Pukowiec’s frenetic hand-held camera work not only observes all this ritual activity but—now and again, true to giallo conventions—takes on the point of the view of the murderer who stalks and kills the members of the acting troupe one by one. Like the film’s truly seductive theatrical poster (five stars!!), the murderer wears a fiercely memorable head mask composed of staring eyeballs. I’m presuming credit should go to production designer Agata Lepacka for this iconic costuming flourish, which links in well with the film’s best kill: the eyeball trauma of the “nail” sacrifice. My attitude towards independent genre films has always been that if they get even one scream or one major ICK out of me, they deserve a tip of the hat and the “nail” sacrifice deserves a resounding yelp for set-up, execution and prolongation. I was squirming in my seat!

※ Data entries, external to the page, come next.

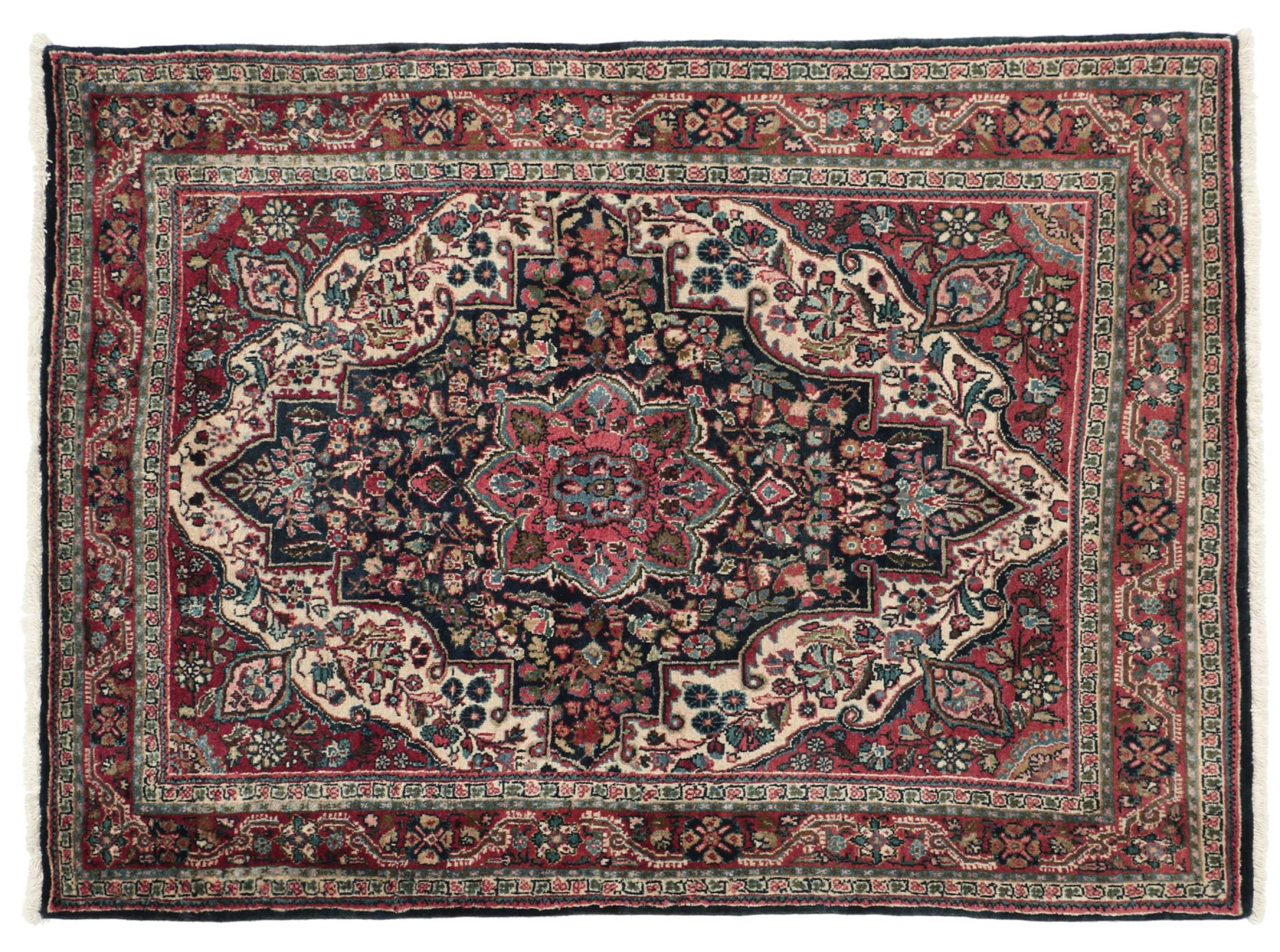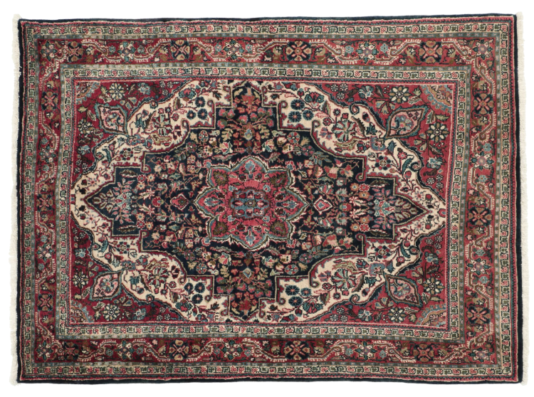 Nr.dywanu: 309142007023776 Wielkość: 144x103 cm Grubość: ok. 10 mm Gęstość tkania: 200 000 - 250 000 / m² Przetwarzanie: Ręcznie tkane Włosie: Wełna ręcznie przędzona Osnowa: Bawełna Pochodzenie: Persja / Iran Wiek: stare/antyczne, starsze niż 50 lat Waga: ok. 5 kg Ilość w magazynie: Unikalny - Tylko 1 na składzie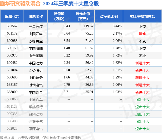 从基金规模来看,鹏华研究驱动混合基金2024年三季度公布的基金规模为0.35亿元,较上一期规模3389.17万元变化了85.2万元,环比变化了2.51%。该基金最新一期资产配置为:股票占净值比81.45%,无债券类资产,现金占净值比19.13%。从基金持仓来看,该基金当季前十大股票仓位达17.68%,第一大重仓股为三星医疗(601567),持仓占比为3.44%。
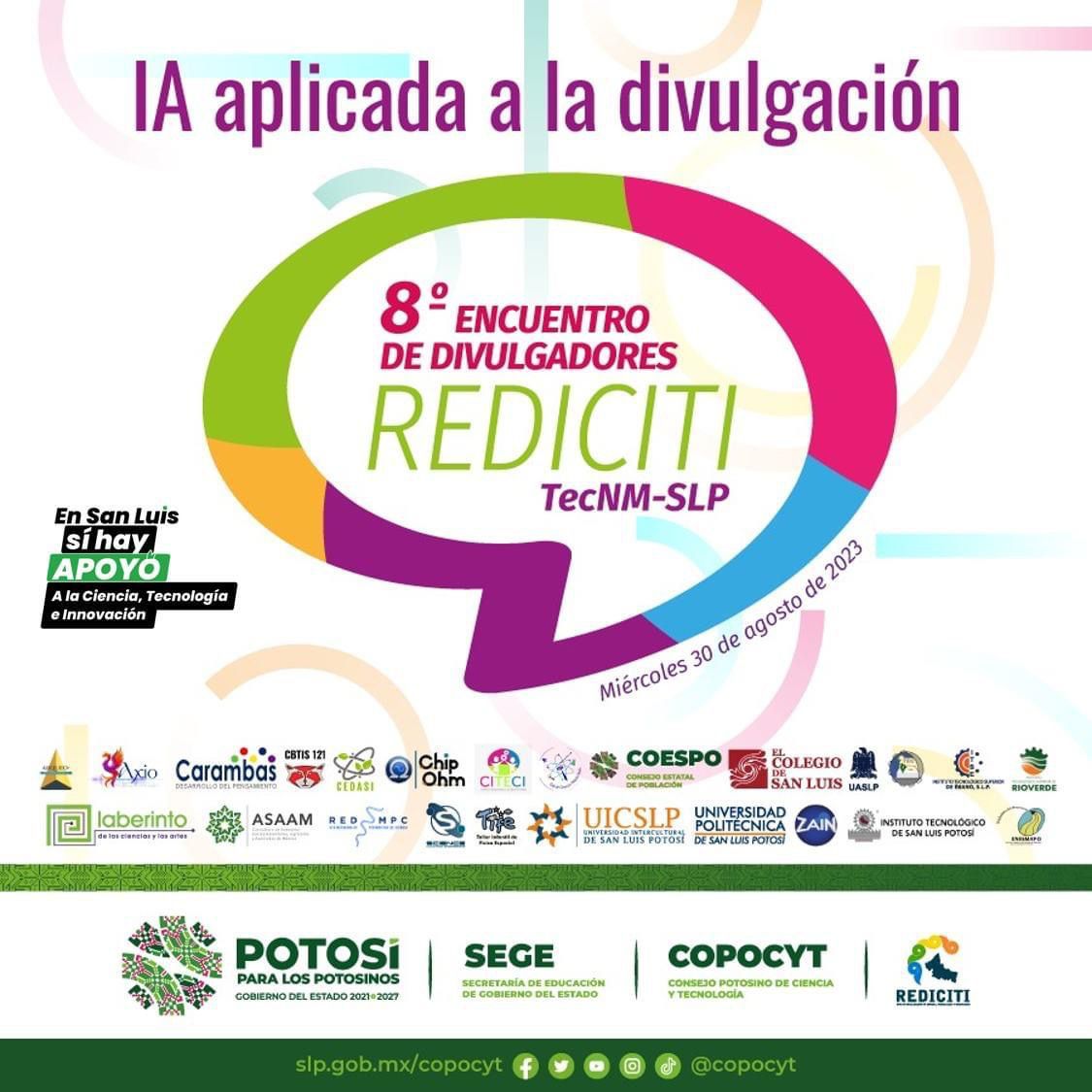 En apoyo a la divulgación de la ciencia, la tecnología y la innovación, el Gobierno del Estado, a través del Consejo Potosino de Ciencia y Tecnología (Copocyt), realizará el próximo miércoles 30 de agosto en el Instituto Tecnológico de San Luis Potosí, el “8° Encuentro de Divulgadores”, de la Red de Divulgación de Ciencia, Tecnología e Innovación (Rediciti), que, para esta edición, se enfocará en el uso de la inteligencia artificial.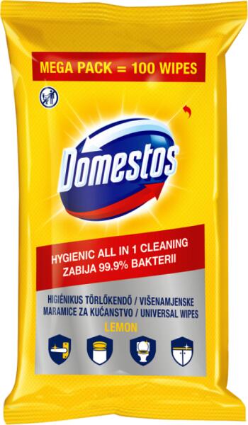 Domestos citromos törlőkendő 100db Hivatalos magyarországi forgalmazótól. Leírás: A citrom illatú Domestos törlőkendő használata egyszerű és praktikus. Higiénikus tisztaságot biztosít a különböző felületeken, mint pl. kilincs, telefon, WC deszka stb. Visszazárható csomagolásának köszönhetően bárhova könnyen magunkkal vihetjük. Tulajdonságok: Nedves törlőkendő c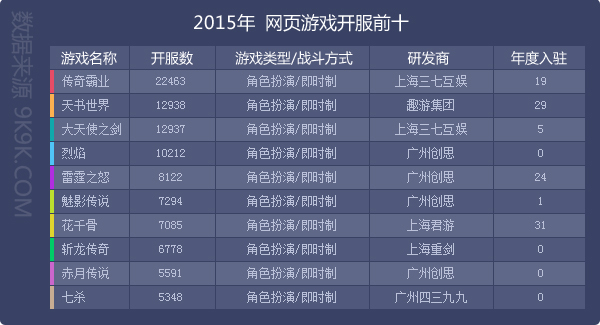据9K9K网页游戏数据中心统计优质平台年度总开服255541组(不包括腾讯页游)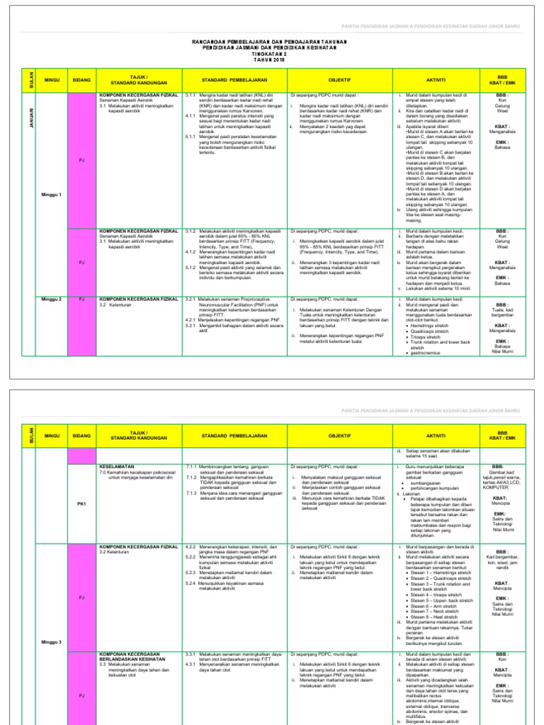Rancangan Pembelajaran Dan Pengajaran Tahunan Pendidikan Jasmani Dan Pendidikan Kesihatan Tingkatan 2 Tahun 2018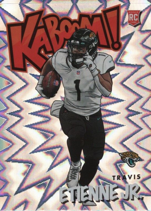 The Travis Etienne Jr. 2021 Absolute #K49 Kaboom! /(SSP) Rookie card in Raw condition has moved up $4.00 (+1.1%) in the last 30 days and was last sold for $375.00 .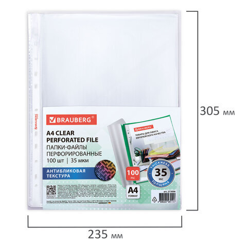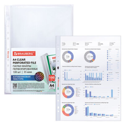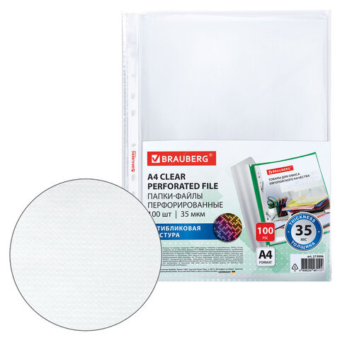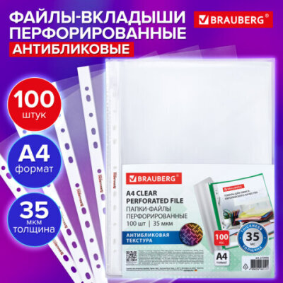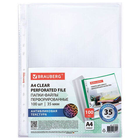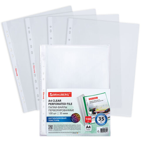 Перфорированные папки-файлы BRAUBERG предназначены для хранения и защиты бумажных документов от загрязнения и механических повреждений.
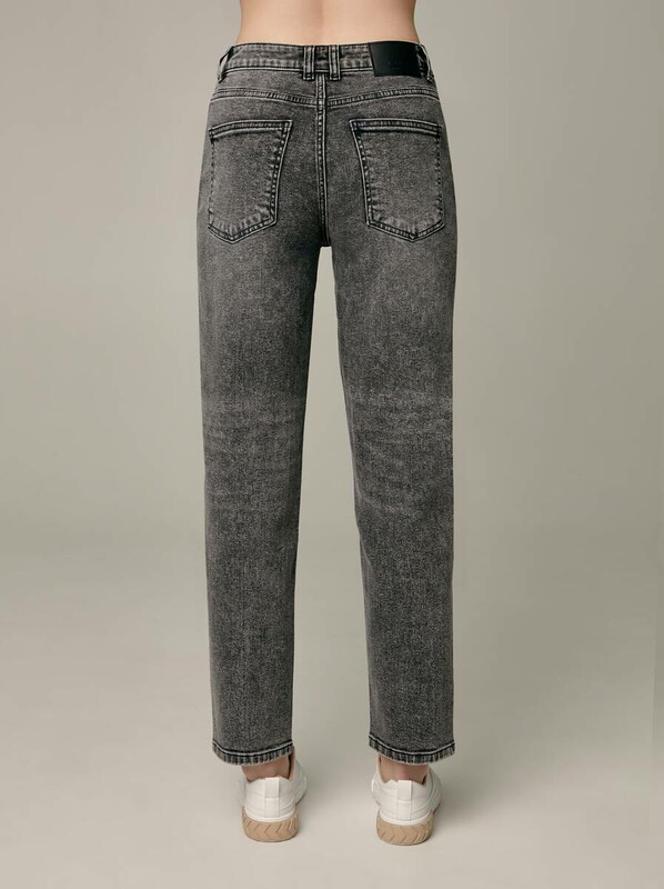 Джинсы mom с высокой посадкой подойдут девушкам с разными типами фигуры: благодаря высокой посадке, прилегающему крою в области бедер и слегка зауженным штанинам модель визуально моделирует силуэт.В процессе оксидной варки деним приобретает особый рисунок, что делает каждые джинсы уникальными.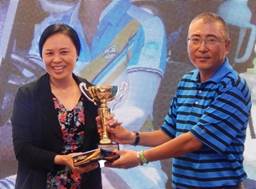 经过赛事组仔细公正地计算核准,由赛事组负责人天水向大会公布本次获奖团体和个人名单。筹委会邀请嘉宾,主办方和赞助方代表为获奖团队和个人颁发奖杯奖品。感谢上海复旦EMBA温哥华校友会特意为获奖团队及男女冠军送来了贺喜鲜花。本届团体冠军队队长David Xu代表获奖团队发表获奖感言,表示即刻筹备明年的中国大学校友会高尔夫联赛,决心把下届赛事办得更好。
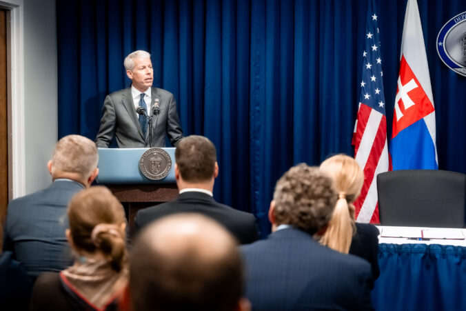 Predseda vlády Slovenskej republiky Robert Fico (v pozadí) počas podpisu dohody o spolupráci medzi vládou Slovenska a Spojených štátov amerických (USA) v oblasti civilnej jadrovej energetiky, ktorý sa uskutočnil v priestoroch Ministerstva energetiky USA. Washington, USA, 16. január 2026. Foto: SITA/Úrad vlády SR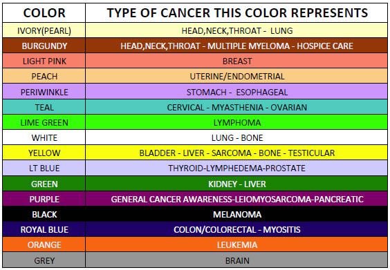 What Color Represents Cancer - Cancer Awareness Ribbon Colors Colors For Other Causes Fact Goods : Green stands for liver cancer, lymphoma, and gall bladder cancer.. The alternate color is listed below the chart. Uncommon or rare cancers may be represented in a few ways—either with a light purple ribbon or a black and white zebra print ribbon. Color makes all the difference when it comes to which cancer you are trying to bring awareness to or trying to raise money for; There are several types of bone cancer. A light purple or lavender ribbon is generally used to represent all cancers as a whole.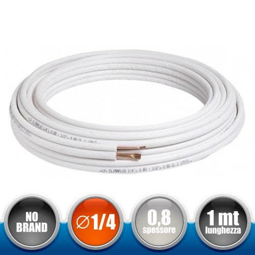 Tubo in rame rivestito, con diametro 1/4 pollice e spessore 0,8 mm, per impianti di climatizzazione (prezzo al metro).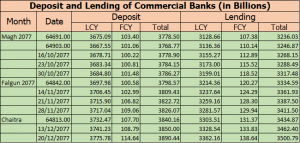 चैत २० गतेसम्ममा बैंकहरुले ३५ खर्ब एक अर्ब रुपैयाँ कर्जा लगानी गरेका छन् भने ३८ खर्ब ९० अर्ब रुपैयाँ निक्षेप संकलन गरेका छन् । चैत अन्तिम दुई सातामा बैंकहरुले किस्ता र व्याज उठाउने भएकाले बैंकमा निक्षेप थुप्रिएको हो । कतिपय व्यवसायमा पुनरकर्जाको सुविधा भएकाले त्यसले केहि हदसम्म बैंकहरुको ऋण विस्तार धेरै देखिएको हो ।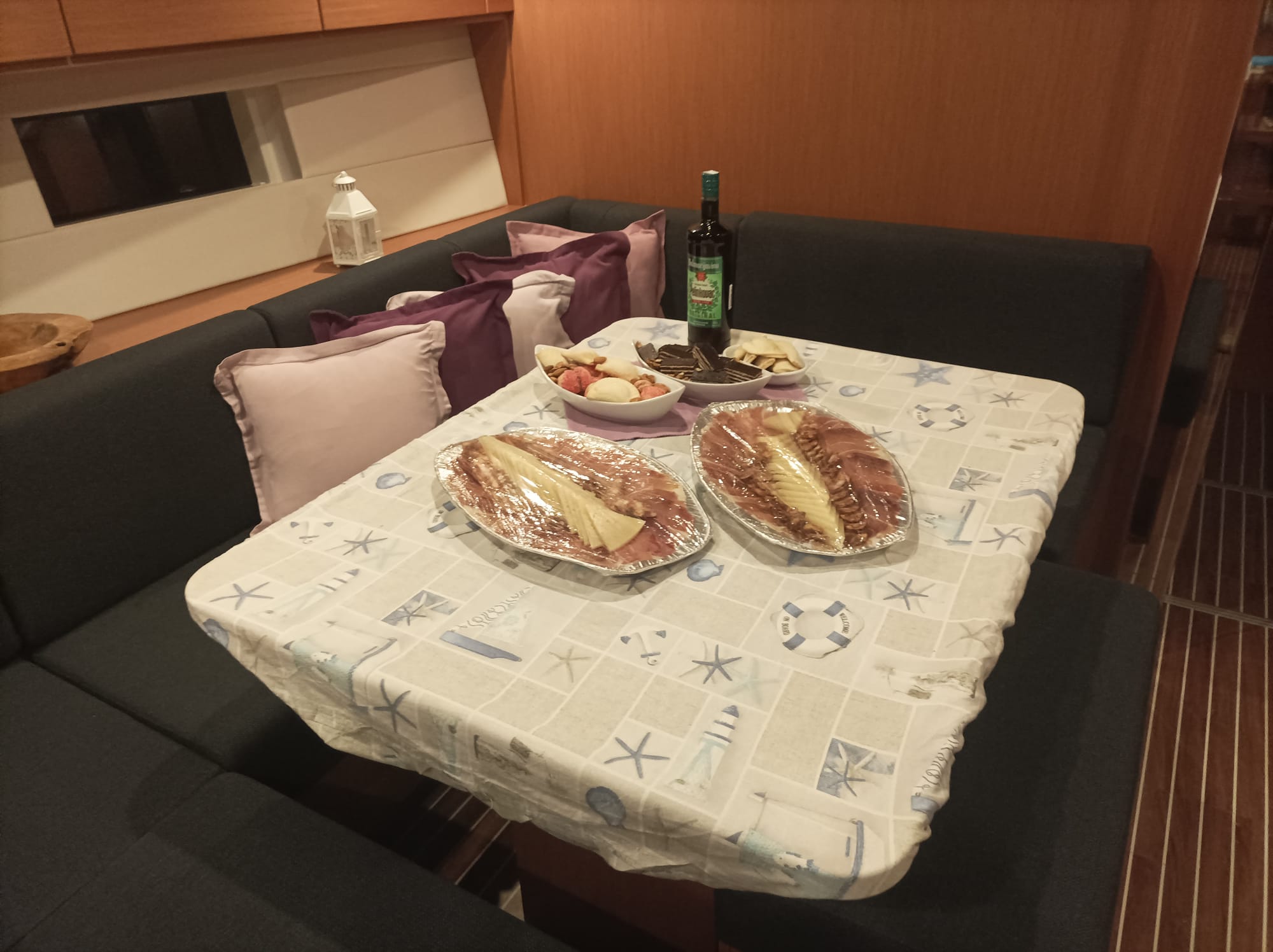 | Safety | Autopilot, Bordapotheke, Bugstrahlruder, elektr. Bilgepumpe, Feststoffschwimmwesten, Feuerlöscher, Handbilgepumpe, Leuchtboje, Lifebelts, Nebelhorn, Notsignale, Radarreflektor, Taschenlampe, UKW-Funk |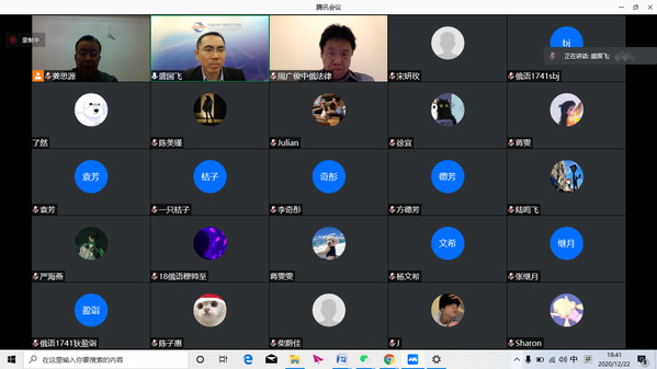 12月22日晚,中国机电产品进出口商会投资促进部主任、中俄机电商会秘书长盛国飞,全国律协外事委员会外事委员、北京市信达立律师事务所主任周广俊莅临上海合作组织法律服务讲坛,就“后疫情时代中俄经贸合作现状、机遇以及企业对俄语人才的需求”主题进行线上讲座,并与我校30余名丝绸之路律师学院师生进行了交流。中国-上合基地办合作部主任、上合组织法律服务委员会中方筹备办执行秘书长姜思源主持讲座。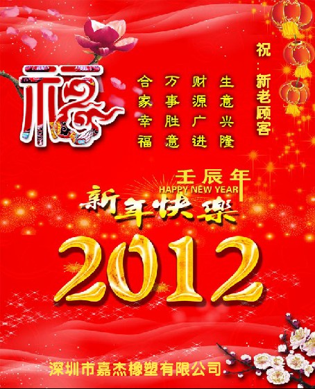 又是新的一年了,新年的開始,嘉杰橡塑有限公司給新老顧客拜年了,祝你們?cè)谛碌囊荒昀?BR> 財(cái)源滾滾、蒸蒸日上,愿你們身體健康、闔家歡樂!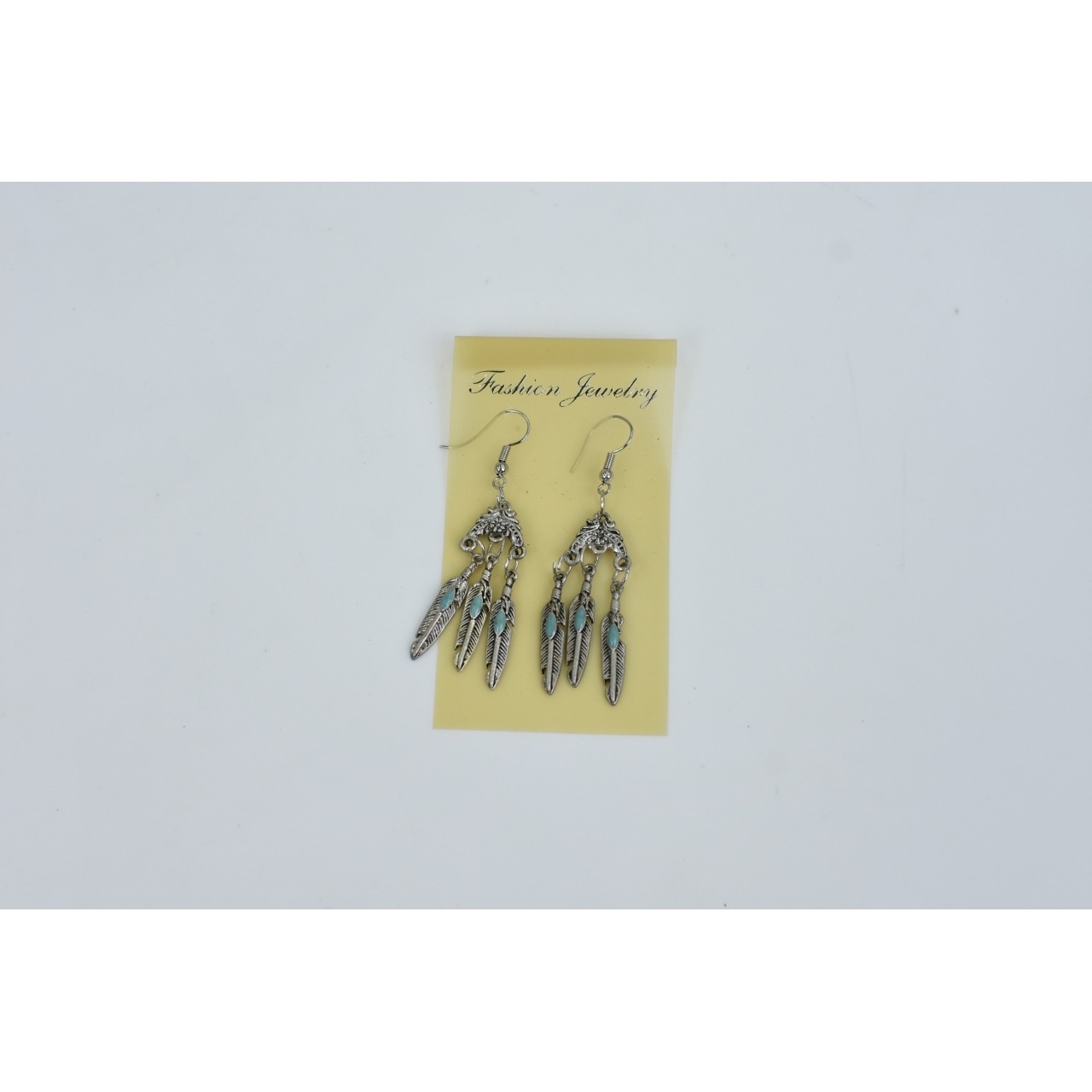 Par de brincos com penas em metal prateado e apontamentos azuis

Though I have to agree with previous reviewers that Dead By Dawn lacks a desired restraint that would have communicated its narrative better—there’s a whole lot of overly-enthusiastic running and screaming and scantily-clad women and barechested boys and throbbling lights and indeterminate musical choices and everything but the kitchen sink—still, I can’t deny Torrone’s evident potential to envision such mayhem in truly artistic ways, primarily through the film’s choreography, most notably Monika Frajczyk’s hypnotic, erotic, and drug-fueled dance sequence filmed in reverse that elicits impending dread and supernatural compulsion. On the basis of his experiments with Dead By Dawn, I look forward to seeing what Torrone accomplishes next.